В городе — который оказался гораздо ближе, чем она ожидала, — им дали от ворот поворот. Банк закрыт на все Рождество и откроется не раньше, чем в новом году.
— Значит, лавочнику придется подождать свои деньги, — сказала немного сконфуженно Анна Мария. — Как вы думаете, он не рассердится, Коль?
— О, нет! Вы и его очаровали, и, если надо, он продлит вам кредит даже до Пасхи.
Но, по правде говоря, она уже не могла больше шутить. И ей было очень стыдно, что она не может заплатить за себя. Поэтому, когда они по указанию Коля поехали дальше, к деревне на противоположной стороне, у следующей шахты, от ее наигранной веселости не осталось и следа. Она не спала целые сутки, усталость навалилась на нее, и она моргала глазами, чтобы не заснуть.
Коль это заметил.
— Хотите спать?
— Здесь? — Она сидела на жестком и качающемся сиденье. Впрочем, и колеса, обитые железом, не делали езду мягче.
— Вы можете прислониться ко мне.
Анна-Мария посмотрела на него большими глазами.
— А можно?
— Не знаю. Мне никогда не приходилось обнимать женщин. За исключением вас, когда я нес вас в тот вечер, Вы понимаете, о чем я говорю. Но если вы представите себе, что я ваш отец…
Эта мысль рассмешила ее.
— А сколько вам лет на самом деле?
— Двадцать шесть.
На семь лет старше ее. «Неплохо», — подумала она. Она придвинулась поближе к нему с застенчивой улыбкой. Коль обнял ее, и она положила голову ему на плечо.
В ее теле происходило что-то странное. «Господи, — потрясение думала она. — Разве я могу так заснуть? Посмотрите на эту смуглую руку у меня на плече! Его теплое тело бок о бок с моим! И куда мне девать руки?»
Но хуже всего было с теми неизведанными чувствами, которые буквально пронзали ее, пробуждая каждую малейшую частичку ее тела к жизни. Кожа стала почему-то невероятно легко возбудимой и чувствительной, сердце готово было вырваться из груди, она ощущала в себе невероятную тяжесть и лень и абсолютное равнодушие ко всему, что ее окружало. Сейчас весь мир ее состоял из Коля и ее самой, в нем не было места ничему другому.
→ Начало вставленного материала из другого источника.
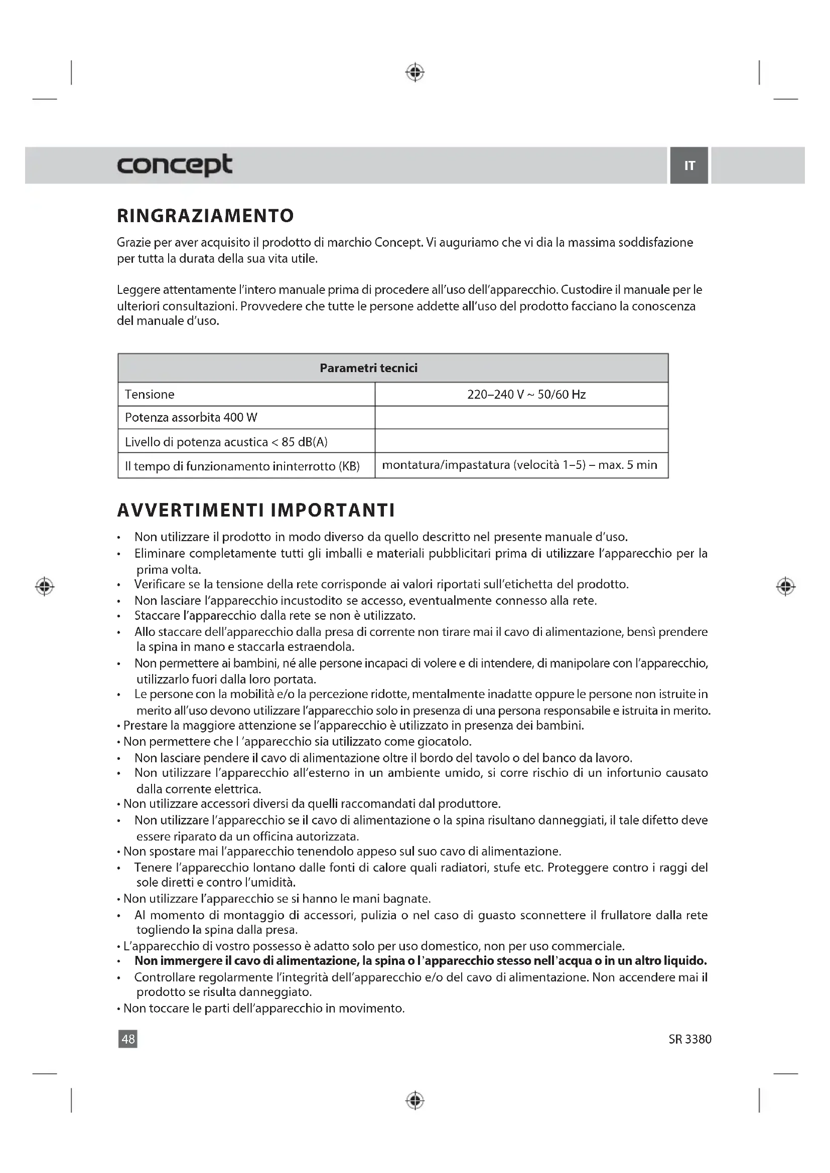 Riciclaggio del prodotto alla fine della sua vita utile Il simbolo riportato sul prodotto o sul suo imballo indica che il prodotto stesso non deve essere smaltito come rifiuto urbano. Va portato in un centro di raccolta dei rifiuti elettrici ed elettronici. Provvedendo allo smaltimento corretto del prodotto si può prevenire l’impatto negativo sull’ ambiente e/o sulla salute umana nel caso di mancato riciclaggio. Le maggiori informazioni sulle modalità dello smaltimento del prodotto sono reperibili presso l’ufficio locale di amministrazione pubblica oppure nel negozio dove il prodotto è stato acquisito. Il presente prodotto rispetta tutti i requisiti previsti dalle normative UE. Il produttore si riserva il diritto di modificare senza preavviso il testo del manuale d’uso, il design del prodotto e/o i suoi parametri tecnici. Problema Causa Soluzione51SR 3380AGRADECIMIENTO Gracias por comprar este producto de la marca Concept y esperamos que quede satisfecho con él durante todo el tiempo que lo use. Antes de usar el producto, lea con cuidado todo el manual y luego guárdelo. Asegúrese de que las demás personas que vayan a utilizar el producto se familiaricen con el presente manual. Parámetros técnicos Tensión 220–240 V ~ 50 /60 Hz Potencia de entrada 400 W Nivel de ruido < 85 dB(A) Operación ininterrumpida batir/amasar (vel. 1–5) – max. 5 min ADVERTENCIAS IMPORTANTES
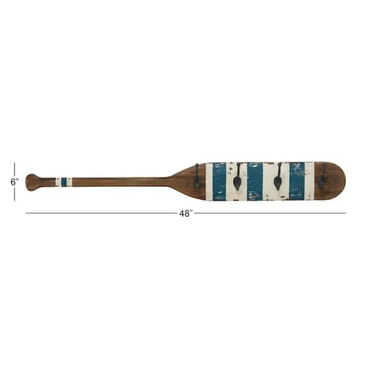 If you are a member of the varsity rowing team and are looking for a worthy memento, or are simply looking for the perfect home organization décor to complete your coastal-style home, this distressed wooden oar wall décor with iron hooks will surely do the trick. The oar is crafted with beauty and function in mind. The paddle painted with blue and white stripes in a distressed style for that vintage or coastal look. The metal hooks are securely fastened to the wooden oar for more secure organizing efforts in any room of your home. Each hook holds 5 to 8 lb.

— Дышать можно, — пробормотал он, и от его голоса у нее мурашки пробежали по телу. Анна-Мария вздохнула. «Но он же, наверное, не замечает, как на меня действует одно то, что он сидит рядом», — в панике подумала она.
Она хотела сесть, снова напряглась, изо всех сил стараясь казаться бодрой. Но он притянул ее назад.
— Поспите! Вам надо отдохнуть. Да и мне тоже. Клампен, ведь ты же найдешь дорогу сам, правда?
— Конечно.
— Отлично! Потому что мы уже спим.
Разумеется, они не заснули! Они сидели совсем тихо, он прислонил голову к высокой спинке. Анна-Мария смотрела прямо перед собой, поверх его груди, на проплывающий мимо зимний пейзаж. Его рука приблизилась к ее руке, и пальцы их переплелись. Она почувствовала его губы у своего лба. Она не отважилась поднять глаза, лишь издала медленный, дрожащий вздох восхищения и поудобнее устроилась в его объятиях. Она слышала, как бьется его сердце. Тяжело и быстро.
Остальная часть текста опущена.